SUPPLIED INFORMATION:
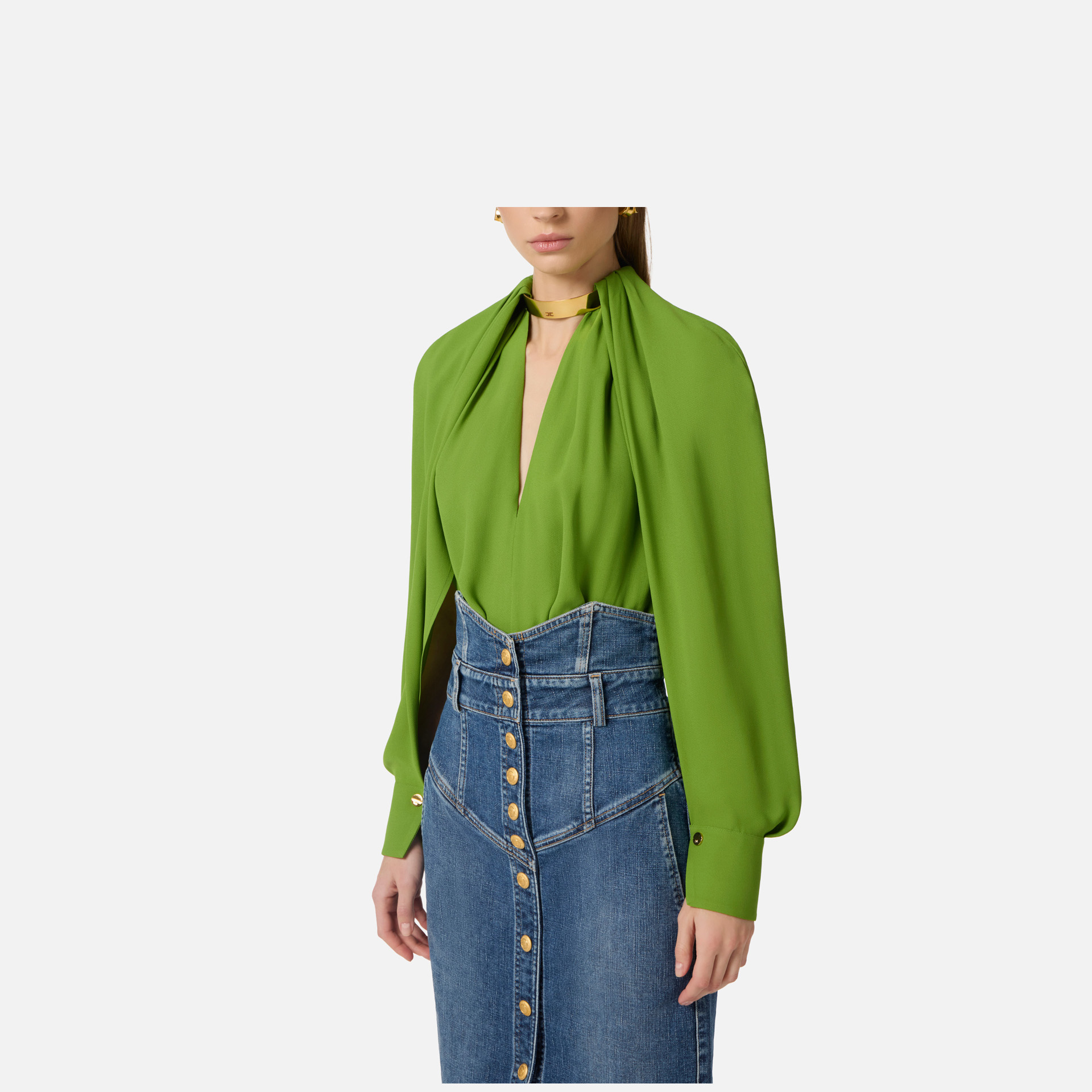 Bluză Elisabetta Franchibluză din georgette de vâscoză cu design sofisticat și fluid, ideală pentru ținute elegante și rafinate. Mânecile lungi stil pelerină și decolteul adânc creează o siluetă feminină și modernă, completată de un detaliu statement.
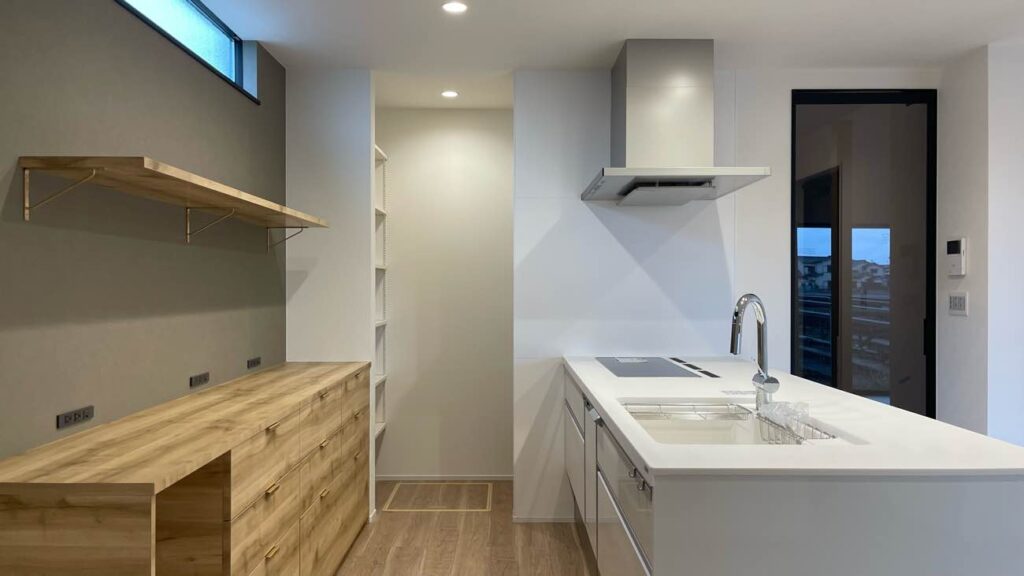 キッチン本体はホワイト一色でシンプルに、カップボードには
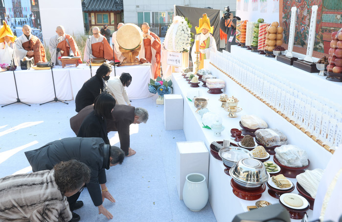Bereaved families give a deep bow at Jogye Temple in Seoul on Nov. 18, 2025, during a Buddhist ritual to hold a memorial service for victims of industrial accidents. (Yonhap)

WORK REQUIRED:
Here the lines from the one containing "キッチン本体はホワイト一色でシンプルに、カップボードには" through the end of the material are to be copied exactly, with the pictures omitted.

TASK ANSWER:
 キッチン本体はホワイト一色でシンプルに、カップボードには
Bereaved families give a deep bow at Jogye Temple in Seoul on Nov. 18, 2025, during a Buddhist ritual to hold a memorial service for victims of industrial accidents. (Yonhap)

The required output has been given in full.